**Task brief**. Transcribe the data exactly, omitting whatever pictures it holds.

**Source data**.
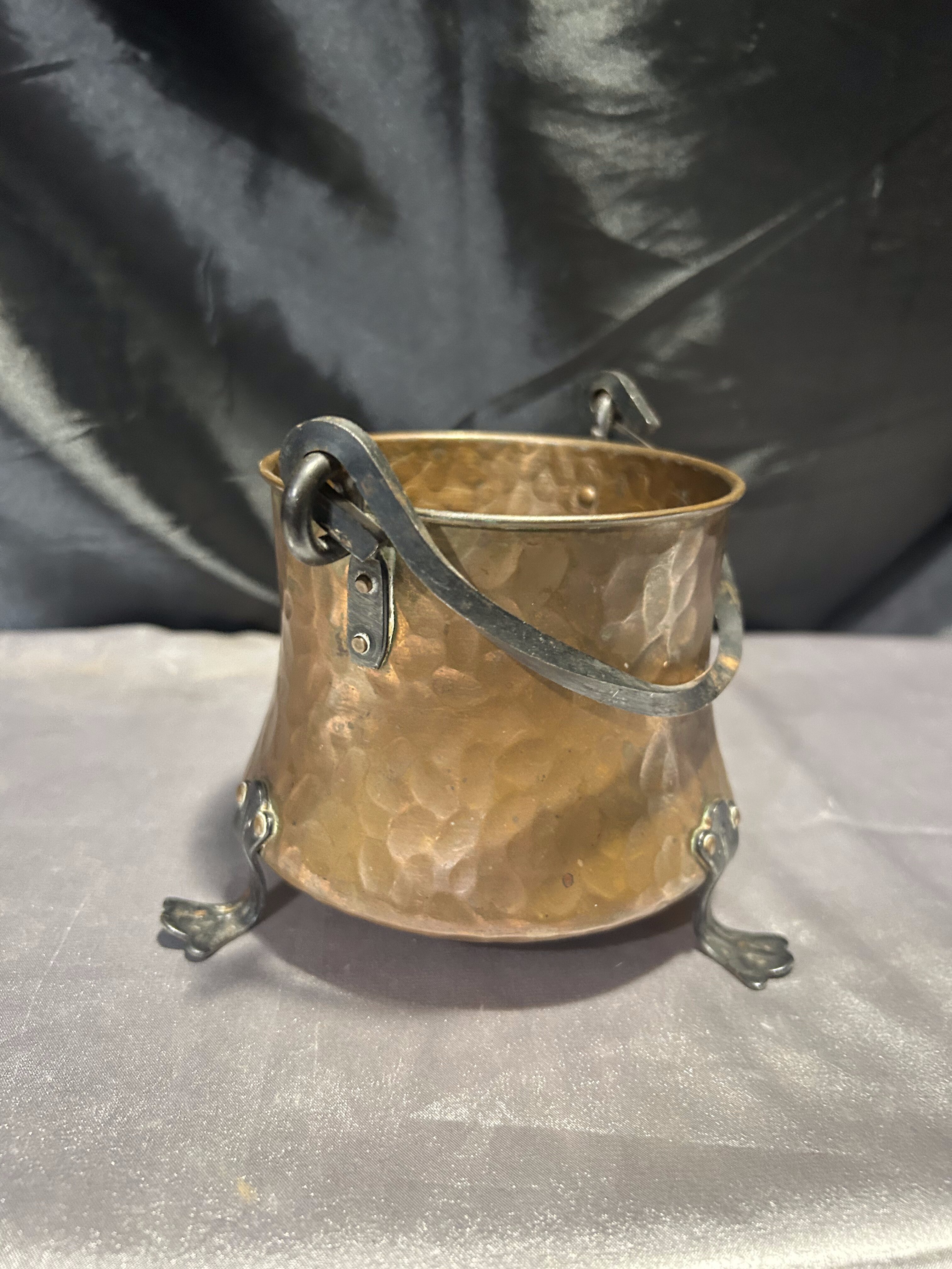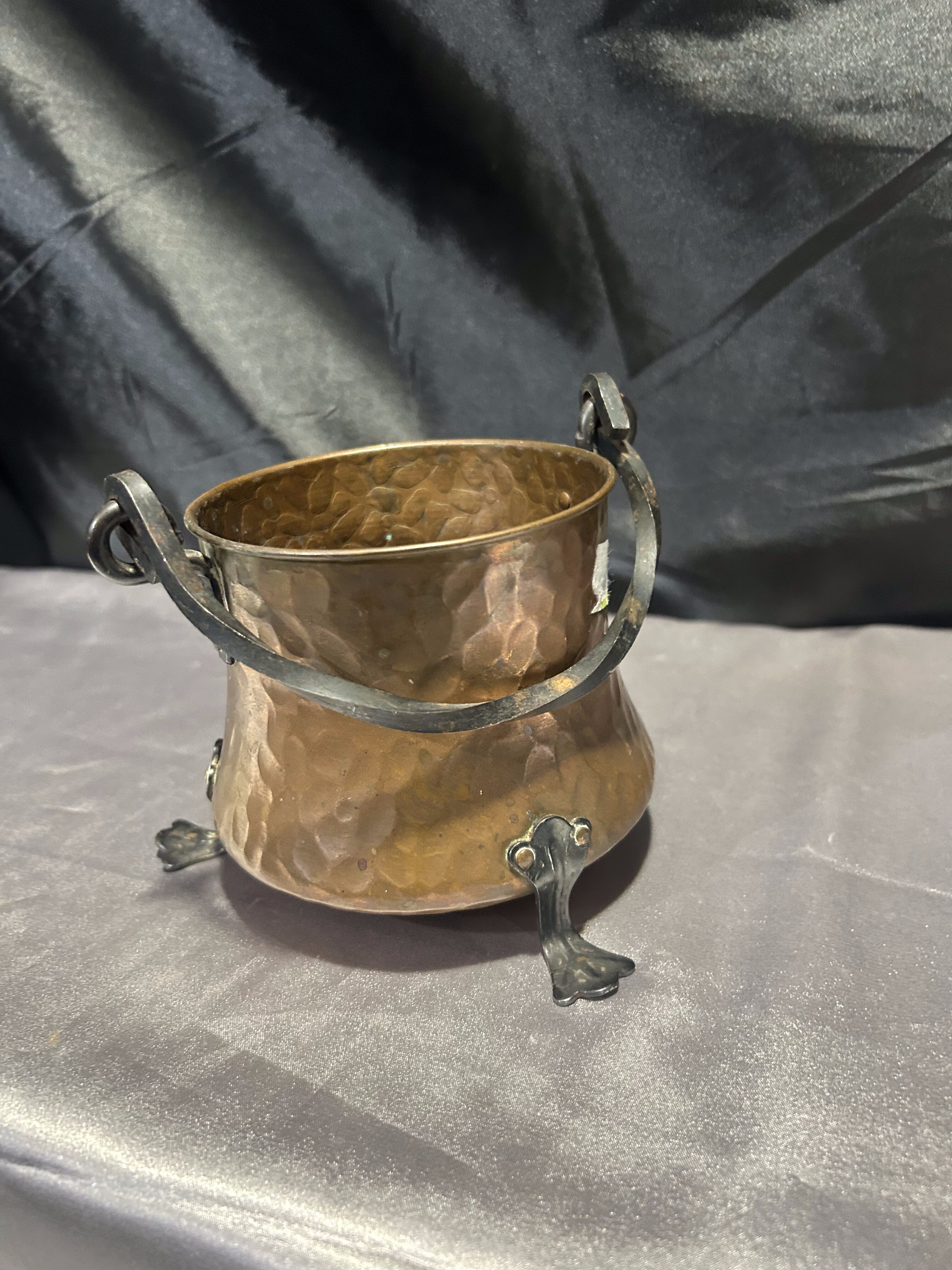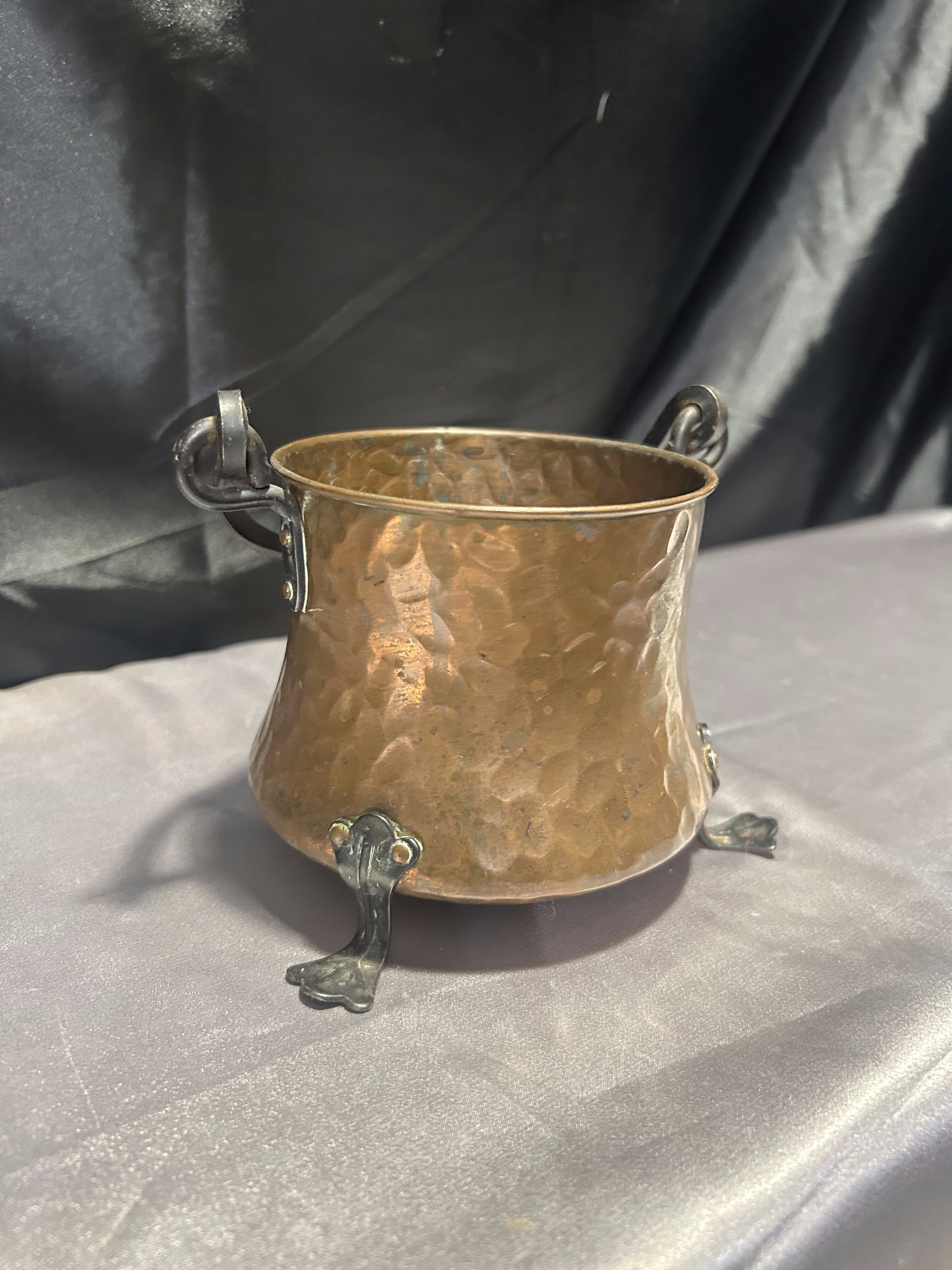Kwietnik miedziany – Z kutą rączką i nogami – Styl rustykalny
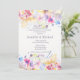 This colorful floral invitation features a wide spectrum of colors and a variety of blooms in a top and bottom matching border. Suitable for any happy celebration.
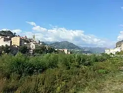 Ventimiglia (Italian: [ventiˈmiʎʎa]; Intemelio: Ventemiglia [veŋteˈmiʎa], Genoese: Vintimiggia;[3] French: Vintimille [vɛ̃timij]; Provençal: Ventemilha [venteˈmiʎɔ]) is a resort town in the province of Imperia, Liguria, northern Italy. It is located 130 km (81 mi) west of Genoa, and 7 km (4.3 mi) from the French-Italian border, on the Gulf of Genoa, having a small harbour at the mouth of the Roia river, which divides the town into two parts. Ventimiglia's urban area has a population of 55,000.

**Exercise answer**.
Kwietnik miedziany – Z kutą rączką i nogami – Styl rustykalny
 This colorful floral invitation features a wide spectrum of colors and a variety of blooms in a top and bottom matching border. Suitable for any happy celebration.
 Ventimiglia (Italian: [ventiˈmiʎʎa]; Intemelio: Ventemiglia [veŋteˈmiʎa], Genoese: Vintimiggia;[3] French: Vintimille [vɛ̃timij]; Provençal: Ventemilha [venteˈmiʎɔ]) is a resort town in the province of Imperia, Liguria, northern Italy. It is located 130 km (81 mi) west of Genoa, and 7 km (4.3 mi) from the French-Italian border, on the Gulf of Genoa, having a small harbour at the mouth of the Roia river, which divides the town into two parts. Ventimiglia's urban area has a population of 55,000.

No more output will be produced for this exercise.